NEW YORK — A version of Edvard Munch’s “The Scream,” one of the most recognizable images in art history, sold at Sotheby’s on Wednesday night for $119.9 million, the most ever paid for an artwork at auction. It easily surpassed recent records like the $104.3 million spent on the Giacometti bronze “Walking Man I” at Sotheby’s in London in 2010; the $106.5 million paid for Picasso’s “Nude, Green Leaves and Bust” at Christie’s in New York a few months later; and the $104.1 million spent at Sotheby’s New York in 2004 on “Boy With a Pipe (The Young Apprentice),” also by Picasso.
Five bidders competed for “The Scream,” which Sotheby’s had estimated would bring $80 million and was sold to a telephone bidder.
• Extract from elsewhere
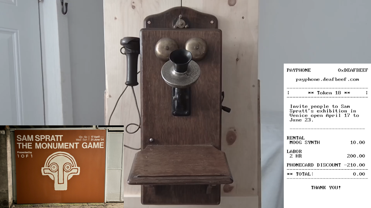 | 0xc9eeb.. | 1000034 | Invite people to Sam Spratt's exhibition in Venice open April 17 to June 23. |

Munch made four versions of the work, three of which are now in Norwegian museums; the one that sold Wednesday, a pastel on board from 1895, was the only one still in private hands. It was sold by Petter Olsen, a Norwegian businessman and shipping heir whose father was a friend, neighbor and patron of the artist.
“The Scream” has been reproduced endlessly in popular culture in recent decades and has also been a target for theft. Versions have been stolen twice, first in 1994, when two thieves entered the National Gallery of Norway in Oslo and fled with a “Scream” from 1893, and then in 2004, when gunmen stole the 1910 version from the Munch Museum, also in Oslo. (In both cases, the works were recovered.)